Items from a dataset
↓↓↓

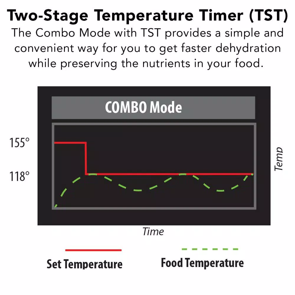 - World’s first dehydrator with a maximum temperature of 167°F, operational range of 77°F to 167°F
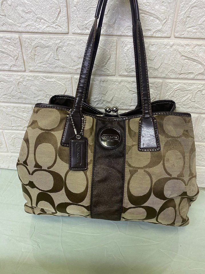 Kahverengi deri, baskılı desenli ve tokalı detaylı kadın çantası, günlük kullanım için uygundur. Orijinal
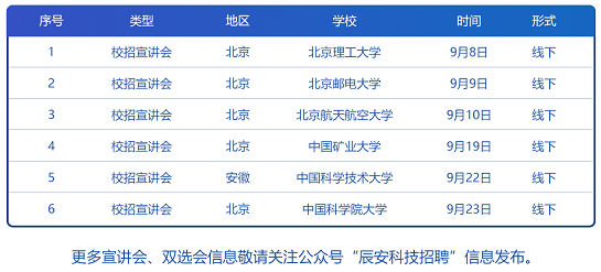 网申地址:https://gsafety.hotjob.cn/,关注企业公众号“辰安科技招聘”点击招贤纳士了解公司最新动态和招聘信息,抢占席位,还有特别礼品等着大家哟~
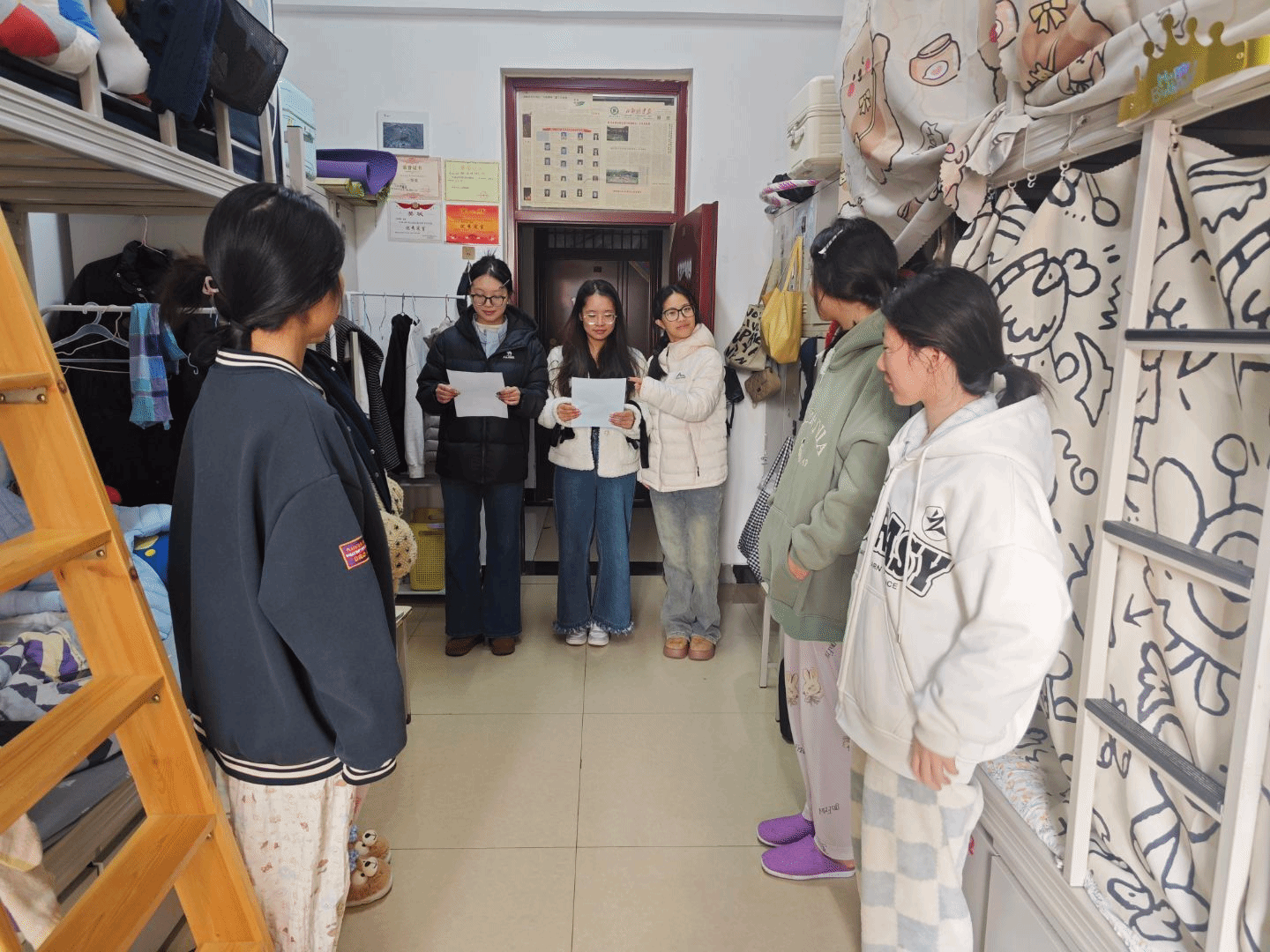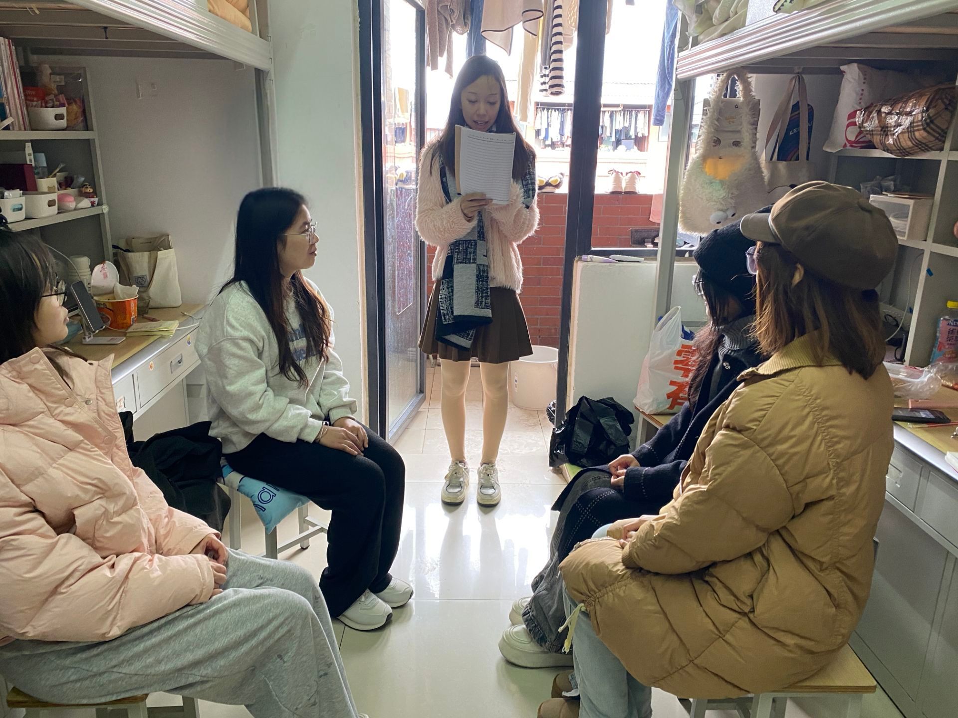 活动围绕理论宣讲、党史故事分享和困惑解答展开。没有讲台的隔阂,没有刻板的流程,党员与同学们围坐在书桌旁、床沿边,以轻松氛围拉开分享序幕。“长征路上,三位女红军借宿徐解秀老人家中,临走时把仅有的一条被子剪下一半留下。这个‘半条被子’的故事,恰恰回答了‘共产党是什么’——就是自己只有一条被子,也要分半条给老百姓的人”;“苏区时期,红军战士即便饥肠辘辘,也严守‘不拿群众一个红薯’的纪律,用行动守住了对百姓的承诺”。党员们饱含情感的讲述,让一个个沉淀在历史中的故事“活”了过来,字里行间都彰显着人民军队铁的纪律与全心全意为人民服务的根本宗旨。
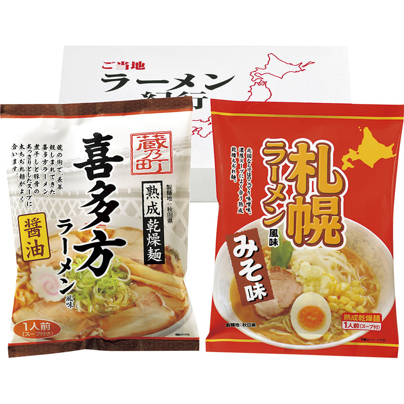 〇注意事項・送料800円が販売価格に含まれています・お取り寄せ商品です。弊社にて手配後、メーカー・卸業者からの直送になります。・まれにメーカー欠品、出荷遅延等が発生致します。問題発生時は別途メールにてご連絡致します。・配送方法の指定、日時指定、置き配、ギフト対応、他商品との同梱配送などは対応できません。・まとめ買いや複数購入の場合は通常より発送に時間が掛かる場合がございます・複数個口の場合、2階以上への搬入ができない場合があります。(その場合は1階での受け渡しとなります)・大型連休、お盆、年末年始などは発送をお休みさせていただく場合がございます・メーカー都合により、パッケージは予告なく変更される場合がございます・梱包用のダンボールはリサイクル品を使用させていただきます。・注文に関するご連絡(注文確定通知・発送通知など)はメールでご案内させていただきます※商品ページの内容について、少しでもご不明な点などがございましたら購入前に一度ご連絡ください〇商品説明あらゆるギフトシーンにおすすめです!ご当地ラーメン味めぐり。札幌と喜多方をセットしました。〇商品仕様●内容:札幌 味噌味・喜多方 醤油味×各1規格●化粧箱入(230×35×155mm) 350g●加工地:日本●賞味期限:製造日より常温にて180日●アレルギー表示:卵・小麦(出典:株式会社 八大)
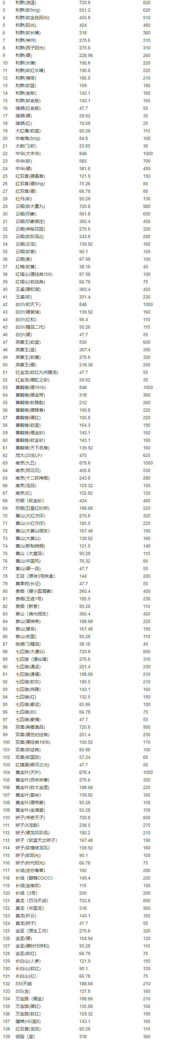 马鞍山卷烟批发价统一上调6% 大多数卷烟批发零售价格齐涨
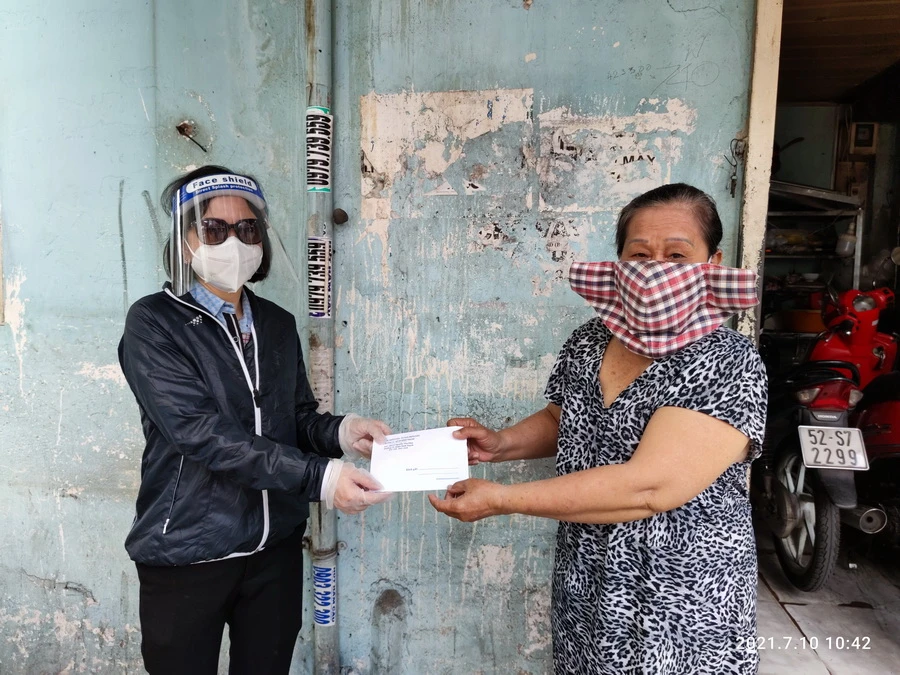 Bà Triệu Thị Bích Huyền (trái), Phó chủ tịch UBND phường 11, quận Bình Thạnh trao tiền hỗ trợ cho người dân. Ảnh: NGUYỄN HIỀN

↑↑↑

Required work: Leaving all pictures aside, quote each record exactly.

Written reply:
 - World’s first dehydrator with a maximum temperature of 167°F, operational range of 77°F to 167°F
 Kahverengi deri, baskılı desenli ve tokalı detaylı kadın çantası, günlük kullanım için uygundur. Orijinal
 网申地址:https://gsafety.hotjob.cn/,关注企业公众号“辰安科技招聘”点击招贤纳士了解公司最新动态和招聘信息,抢占席位,还有特别礼品等着大家哟~
 活动围绕理论宣讲、党史故事分享和困惑解答展开。没有讲台的隔阂,没有刻板的流程,党员与同学们围坐在书桌旁、床沿边,以轻松氛围拉开分享序幕。“长征路上,三位女红军借宿徐解秀老人家中,临走时把仅有的一条被子剪下一半留下。这个‘半条被子’的故事,恰恰回答了‘共产党是什么’——就是自己只有一条被子,也要分半条给老百姓的人”;“苏区时期,红军战士即便饥肠辘辘,也严守‘不拿群众一个红薯’的纪律,用行动守住了对百姓的承诺”。党员们饱含情感的讲述,让一个个沉淀在历史中的故事“活”了过来,字里行间都彰显着人民军队铁的纪律与全心全意为人民服务的根本宗旨。
 〇注意事項・送料800円が販売価格に含まれています・お取り寄せ商品です。弊社にて手配後、メーカー・卸業者からの直送になります。・まれにメーカー欠品、出荷遅延等が発生致します。問題発生時は別途メールにてご連絡致します。・配送方法の指定、日時指定、置き配、ギフト対応、他商品との同梱配送などは対応できません。・まとめ買いや複数購入の場合は通常より発送に時間が掛かる場合がございます・複数個口の場合、2階以上への搬入ができない場合があります。(その場合は1階での受け渡しとなります)・大型連休、お盆、年末年始などは発送をお休みさせていただく場合がございます・メーカー都合により、パッケージは予告なく変更される場合がございます・梱包用のダンボールはリサイクル品を使用させていただきます。・注文に関するご連絡(注文確定通知・発送通知など)はメールでご案内させていただきます※商品ページの内容について、少しでもご不明な点などがございましたら購入前に一度ご連絡ください〇商品説明あらゆるギフトシーンにおすすめです!ご当地ラーメン味めぐり。札幌と喜多方をセットしました。〇商品仕様●内容:札幌 味噌味・喜多方 醤油味×各1規格●化粧箱入(230×35×155mm) 350g●加工地:日本●賞味期限:製造日より常温にて180日●アレルギー表示:卵・小麦(出典:株式会社 八大)
 马鞍山卷烟批发价统一上调6% 大多数卷烟批发零售价格齐涨
 Bà Triệu Thị Bích Huyền (trái), Phó chủ tịch UBND phường 11, quận Bình Thạnh trao tiền hỗ trợ cho người dân. Ảnh: NGUYỄN HIỀN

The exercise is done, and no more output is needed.